To the Editor,

β-thalassemia major remains one of the most challenging inherited hemoglobinopathies in pediatric hematology. Despite advances in transfusion protocols and chelation therapy, massive splenomegaly continues to represent a critical clinical problem in young children. Splenectomy, while effective in alleviating hypersplenism, carries significant lifelong risks and is generally deferred until after the age of five due to the danger of overwhelming post-splenectomy infection (1, 2). In this context, the use of targeted pharmacologic approaches to reduce splenic extramedullary hematopoiesis and preserve splenic function has become the subject of increasing clinical interest.

The Janus kinase 2 (JAK2) pathway plays a central role in erythropoietin-driven erythroid proliferation in the spleen and liver. Ruxolitinib, a JAK1/2 inhibitor originally developed for myeloproliferative disorders, has been shown in experimental models to reduce splenomegaly by attenuating this signaling cascade (3, 4). Early-phase clinical studies have suggested that ruxolitinib may be a safe and effective therapeutic option in transfusion-dependent thalassemia, though its use in pediatrics remains off-label (5).

We recently managed two young children with transfusion-dependent β-thalassemia major who presented with massive splenomegaly unresponsive to conventional management. Both patients were girls under five years of age, receiving regular transfusions and iron chelation, yet continued to demonstrate progressive spleen enlargement. Multidisciplinary consensus strongly recommended avoiding splenectomy at this age, prompting the initiation of low-dose ruxolitinib (5 mg twice daily).

Clinical response was rapid and favorable. Within the first month, both patients demonstrated significant reductions in spleen and liver size on imaging, accompanied by decreased transfusion requirements. For the first case, annual transfusion needs decreased from 185 mL/kg to 95 mL/kg, while in the second, from 190 mL/kg to 105 mL/kg. Importantly, treatment was well tolerated, with no observed adverse events including hypoglycemia, cytopenias, or infectious complications. Over one year of follow-up, both children maintained improved transfusion intervals (every 3-4 weeks), and splenectomy was successfully deferred.

Our clinical experience adds to the growing evidence that ruxolitinib may serve as a feasible bridge therapy for young children with refractory splenomegaly secondary to β-thalassemia major. Notably, the effective use of a lower dose than reported in phase 2a studies (5) highlights the potential for tailored dosing in younger populations, balancing efficacy with safety. While these results are encouraging, they must be interpreted cautiously given the limited number of patients and retrospective nature of the observation.

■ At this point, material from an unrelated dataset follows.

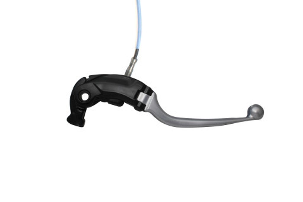 Folding brake lever with integrated adjuster, for Nissin radial master cylinders. It is made in aluminium, CNC worked and anodyzed in 7 different colu

Nevertheless, our findings raise important considerations for pediatric hematologists. Firstly, ruxolitinib may provide a therapeutic window in cases where splenectomy is indicated but contraindicated due to young age. Secondly, it demonstrates that even lower doses may confer significant clinical benefit. Finally, this report underscores the urgent need for prospective pediatric trials in order to establish standardized dosing regimens, long-term safety profiles, and validated clinical endpoints in this vulnerable population.

In conclusion, ruxolitinib represents a promising therapeutic option in deferring splenectomy in children with transfusion-dependent β-thalassemia major and massive splenomegaly. Larger multicenter studies are warranted in order to confirm these preliminary observations and to define the role of ruxolitinib in routine pediatric practice.